Material provided: Begin

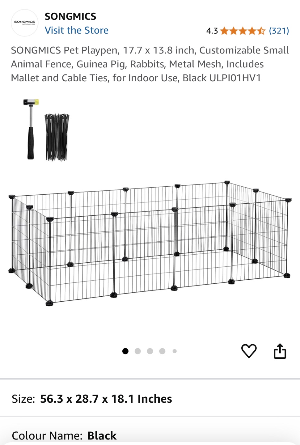 Black metal pet playpen. Customizable small animal fence. Suitable for guinea pigs, rabbits and small dogs. Indoor use. Includes mallet and cable ties. Approximately 56.3 x 28.7 x 18.1 inches.
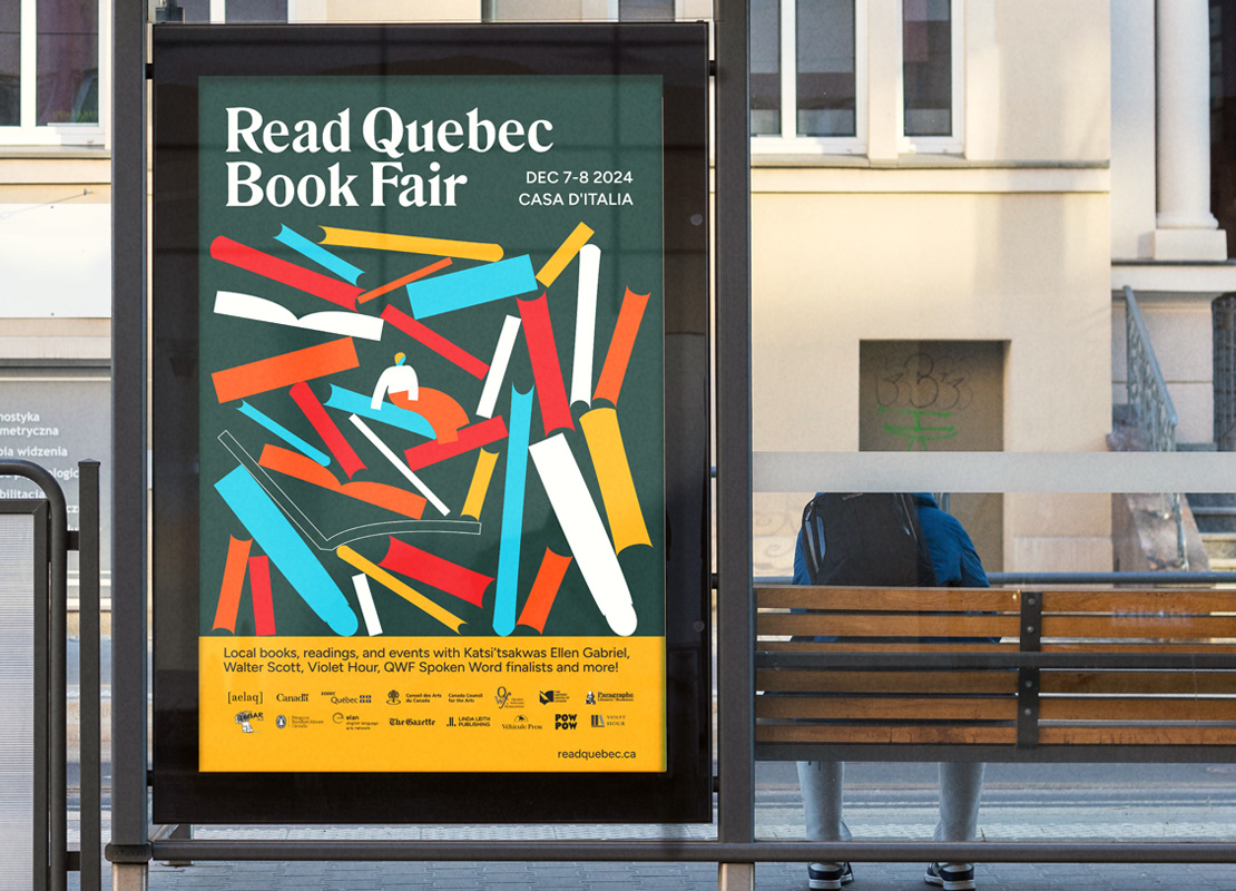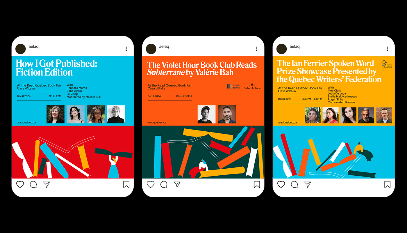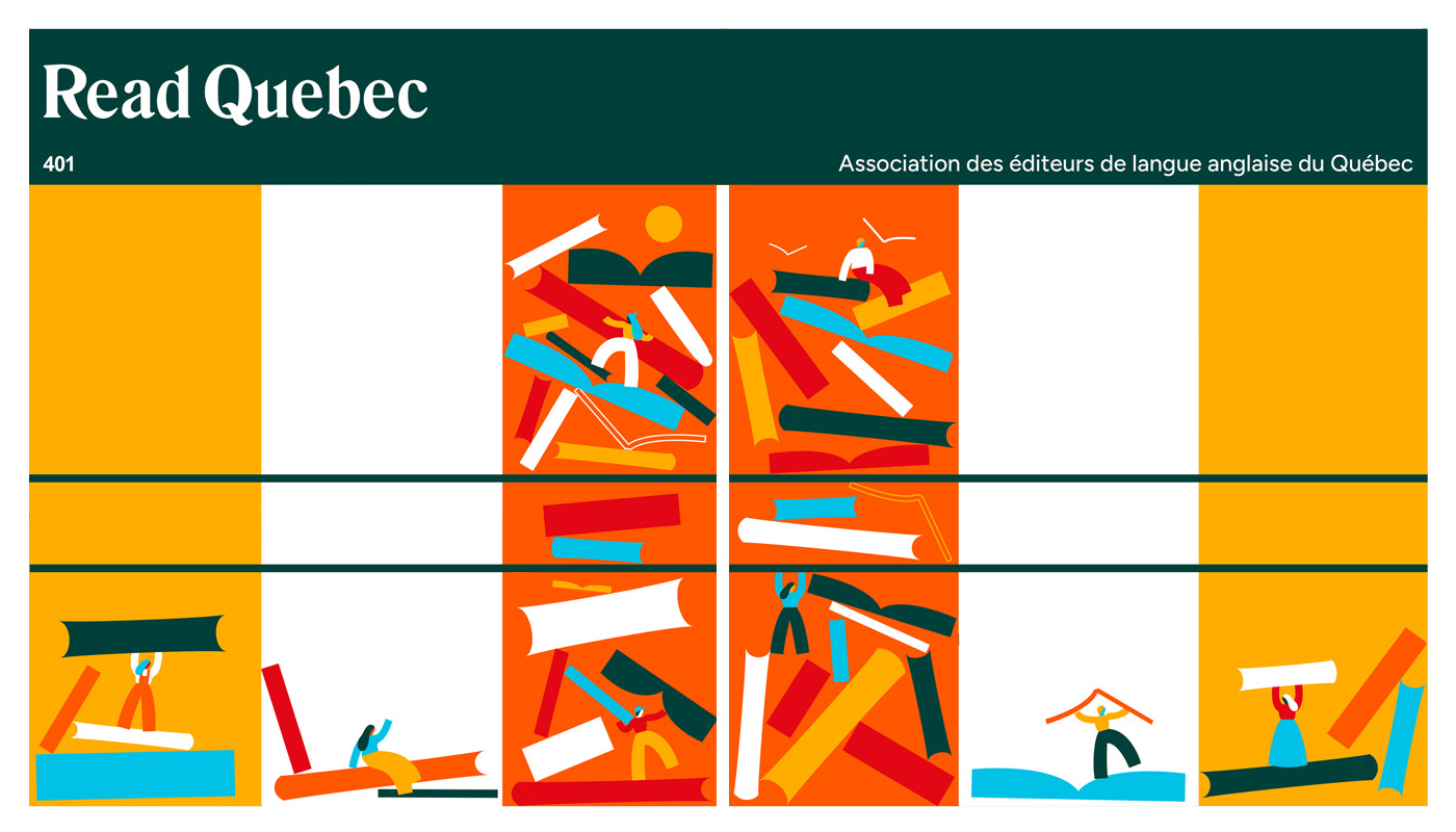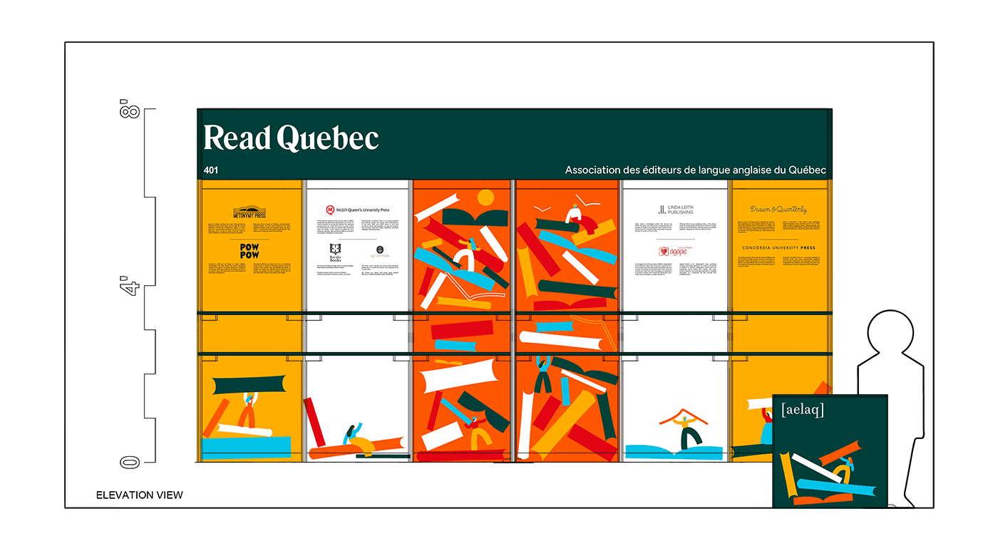 I had the pleasure of creating the visuals for AELAQ's (Association of English-language Publishers of Quebec) presence at the Salon du Livre de Montréal and for their own event, the Read Quebec Book Fair. Visual assets needed for both events were a branded kiosk, web banners for workshops and panels, ads, signage, posters, flyers and a sticker.
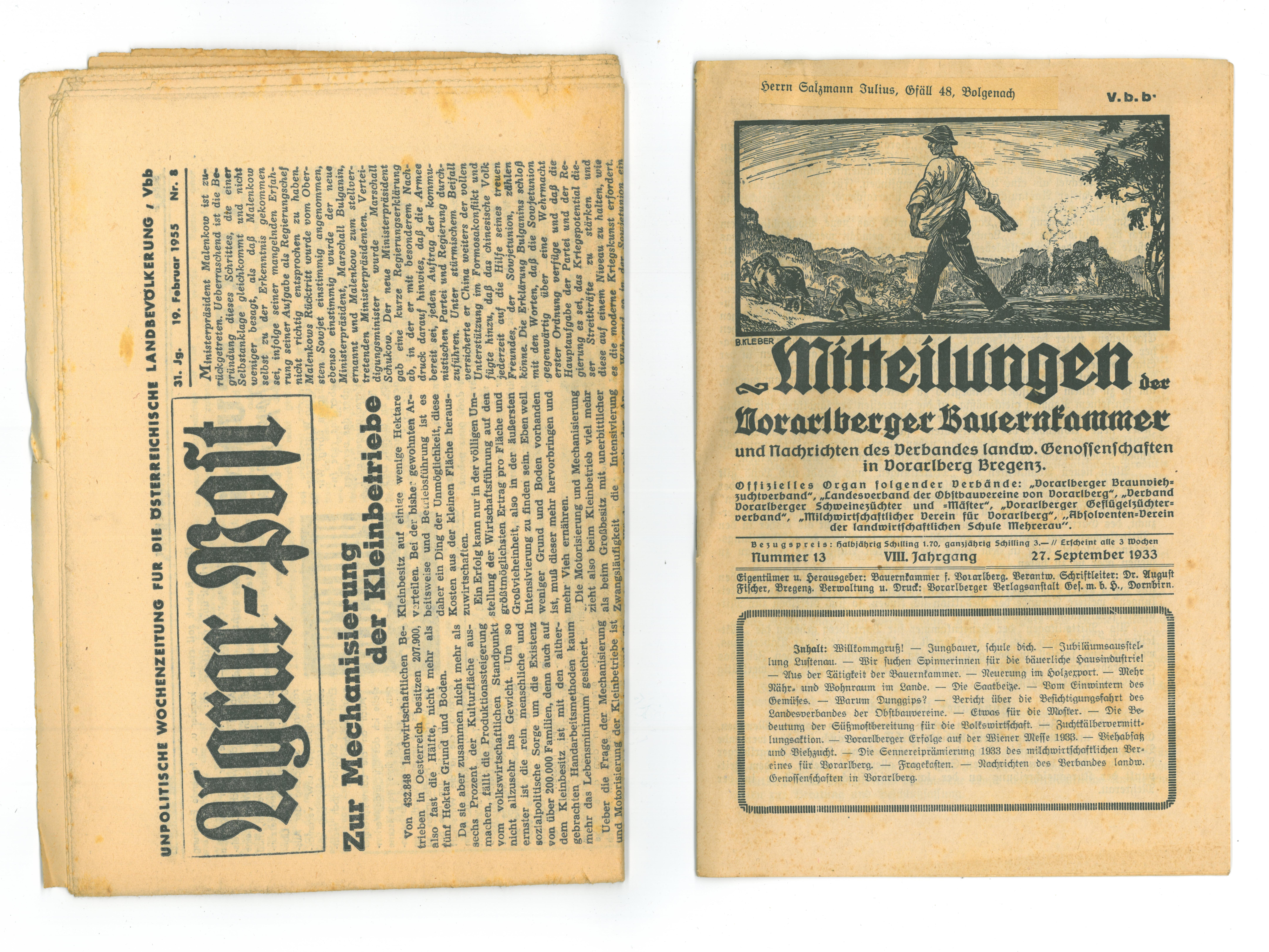 03: Mitteilungen der Vorarlberger Bauernkammer (Nummer 13, VIII. Jahrgang, 27. September 1933 und Nummer 14, VIII. Jahrgang, 3 November 1933)

Material provided: End

## Exercise objective:
Images are to be left out; everything else in the material must be written out exactly.

## Result of this exercise:
 Black metal pet playpen. Customizable small animal fence. Suitable for guinea pigs, rabbits and small dogs. Indoor use. Includes mallet and cable ties. Approximately 56.3 x 28.7 x 18.1 inches.
 I had the pleasure of creating the visuals for AELAQ's (Association of English-language Publishers of Quebec) presence at the Salon du Livre de Montréal and for their own event, the Read Quebec Book Fair. Visual assets needed for both events were a branded kiosk, web banners for workshops and panels, ads, signage, posters, flyers and a sticker.
 03: Mitteilungen der Vorarlberger Bauernkammer (Nummer 13, VIII. Jahrgang, 27. September 1933 und Nummer 14, VIII. Jahrgang, 3 November 1933)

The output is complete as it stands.